The United States Federal Aviation Administration has issued cryptic notices closing airspace over El Paso and much of southern New Mexico for 10 days, grounding all flights at El Paso International Airport and sparking fears of major disruptions in the country's 23rd-largest city.

The orders, effective from 11:30 pm Mountain Time on February 10 until 11:30 pm on February 20, classify the zone as "National Defense Airspace." Pilots who stray in risk interception, detention, or even deadly force if deemed a threat, the notices warn in stark terms.

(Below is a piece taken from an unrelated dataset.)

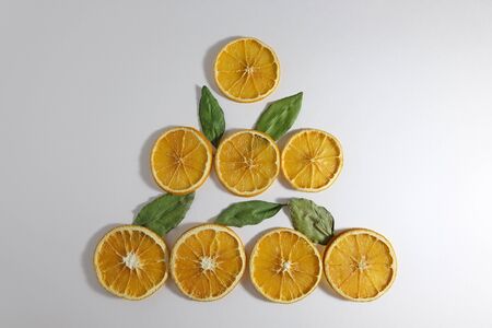 Sliced and dried oranges and lemons are laid out on a white background in the shape of a Christmas tree. Horizontal orientation. The view from the top.
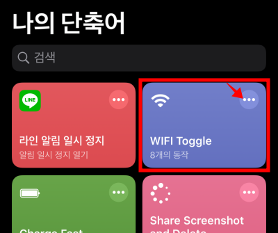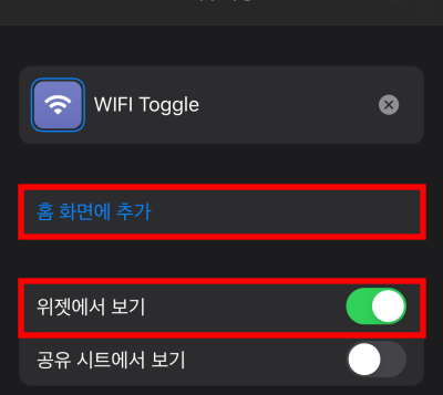 받은 아이폰 와이파이 토글 단축어를 나의 단축어에서 확인을 했으면 간편하게 사용을 하기 위해서 홈 화면에 설정을 해줍시다.

El Paso officials confirmed early Wednesday that the airport is shuttered to commercial, cargo, and general aviation flights.

"The FAA, on short notice, issued a temporary flight restriction halting all flights to and from El Paso and our neighboring community, Santa Teresa, NM," the city said in a release. Travelers should check with airlines, as staff awaits further FAA guidance.

The no-fly zone spans a 10-nautical-mile radius around the airport, including Fort Bliss, from ground level to 17,000 feet -- barring airliners, military jets, medevac choppers, and law enforcement alike. It covers most of El Paso County and a swath of southern New Mexico west of Santa Teresa up to the Organ Mountains-Desert Peaks National Monument, but spares Mexican airspace and Santa Teresa's airport.

Such a prolonged lockdown over a major US city is unprecedented since the post-9/11 terror attacks, according to a source familiar with the notices who spoke off the record.

"All air traffic has been halted... Nobody can fly as this thing is written up," the person said.

FAA officials offered no explanation. A call to the agency's Special Operations Support Center yielded little: "Not really, not because I won't -- it's because I don't know," said a man identifying himself as Eric. "This is just the office that publishes."